Quando le colombaie erano in campagna

di GIOVANNI MEMBOLA

Le torri colombaie erano delle particolari strutture realizzate appositamente per ospitare ed allevare al loro interno anche più di mille coppie di colombi, utili a garantire una importante fonte economica per tante famiglie di contadini, rappresentando talvolta l’espressione della condizione sociale e del potere dei grandi proprietari terrieri. Uno dei primi documenti che testimoniano la presenza di edifici per far nidificare i piccioni è il trattato di falconeria dell’imperatore Federico II “Sull’arte di cacciare con gli uccelli” (XIII secolo), dove compare la miniatura di una torre colombaia a base circolare. Complementari alla masserie, questi pregevoli manufatti di edilizia rurale, oggi quasi del tutto scomparse, hanno caratterizzano visivamente le bellezze architettoniche del paesaggio agricolo salentino.

S’innalzavano maestose, per vanto e per orgoglio dei padroni, non lontano dal fabbricato principale, quasi sempre più alte del necessario e decorate da merlature sulla sommità in modo da conferire l’aspetto di una piccola fortezza al pari di una torre di difesa. Nell’agro di Brindisi ne restano solo pochi esempi tutte a pianta quadrangolare, edifici che spiccavano tra le pertinenze aziendali nel quale si integravano perfettamente, come a Masseria Specchia dove la torre è ancora il fulcro dell’insieme dei fabbricati, o quella di Masseria Mascava a dominare la corte principale.

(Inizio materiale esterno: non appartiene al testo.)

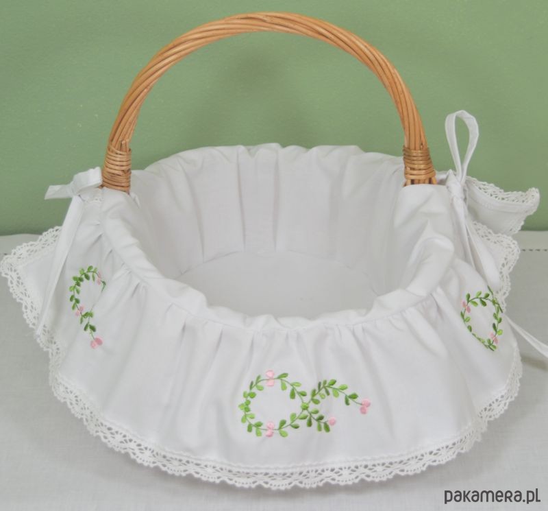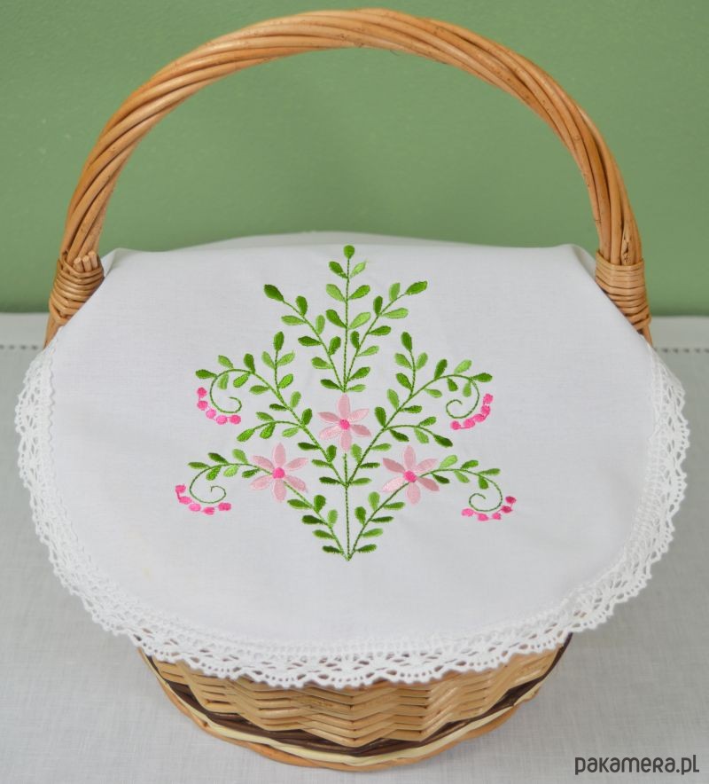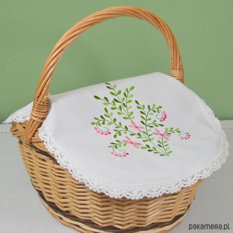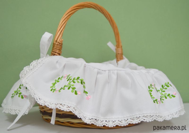 Przedstawiamy Państwu unikatowy koszyk wielkanocny wykonane w naszej pracowni. Wiklinowe koszyczki zdobi wkład z wysokogatunkowej 100% bawełny. Bogate hafty dodają niepowtarzalnego charakteru. Koszyk nawiązuje do naszych rodzimych tradycji, co czyni go wyjątkowym! Oddajemy w Państwa ręce produkt wysokiej jakości, wielokrotnego użytku. Przekonaj się jak piękna może być święconka w naszym koszyku! Do kompletu haftowana serwetka do przykrycia święconki. Koronka do obszycia serwetki może różnić się od tej na zdjęciu, wynika to ze stanów magazynowych oraz dostępności Zapraszamy! Wymiary: 33x24x27cm Tkanina: 100% bawełna Kupuj Polskie Produkty!

Caratterizzate dai fori d’ingresso dei colombi, consentivano l’allevamento dei volatili in cellette di circa 20 per 20 cm per 30-40 cm di profondità appositamente ricavate nello spessore delle mura interne. In passato la carne di colombo era un alimento molto apprezzato e ricercato nella nutrizione umana in quanto ricco di proteine. Si faceva mangiare ai bambini, agli ammalati e agli anziani, inoltre il brodo di colombo era solitamente la primo piatto che veniva somministrato alle donne dopo il parto. Considerata “carne reale” dai nobili e dalle classi sociali medio alte, veniva servita nelle grandi occasioni e per le cerimonie ufficiali. La torre colombaia era organizzata in modo da raccogliere con facilità anche gli escrementi prodotti dai piccioni per utilizzarli come fertilizzante naturale del terreno in quanto ricco di colombina, un ottimo concime a base di azoto impiegato perfino nella concia delle pelli. Se si considera la frequenza di riproduzione di questi uccelli, anche sei volte l’anno da marzo a settembre, è facile immaginare l’importanza del loro allevamento nell’economia aziendale. Quasi tutte le masserie e le case rurali possedevano una colombaia anche di tipo minimale, con le nicchie ricavate lungo la facciata degli edifici o in corrispondenza dei ricoveri degli animali, come testimoniano i ruderi delle masserie Baroni Vecchi e Marrazza. Verso la fine dell’800 la masseria Mitrano era famosa per i tanti piccioni selvatici che qui si trovavano, al proprietario Antonio Tarantini furono dedicati i versi del il più illustre tra i poeti dialettali, don Agostino Chimienti: ”E ttu ‘Ntoniu Tarantini, cce llu sa ca stau malatu? Cu mmi mandi li palumbi ti si propria mmurtalatu”. Particolarmente elegante la colombaia di Masseria Pignicedda realizzata nello stesso stile neogotico degli edifici principali, ormai tutti in rovina. Continua ad essere frequentata dai volatili, non in allevamento, la torre integrata nei fabbricati (fatiscenti) della masseria Pignaflores. Con la modifica delle abitudini alimentari, la mancanza di interesse economico e produttivo e l’abbandono delle aziende e delle attività agricole, anche le torri colombaie si sono inesorabilmente svuotate, un patrimonio architettonico che rimane così esposto ai processi di degrado rischiando di scomparire nell’indifferenza senza lasciare il segno del suo prestigio.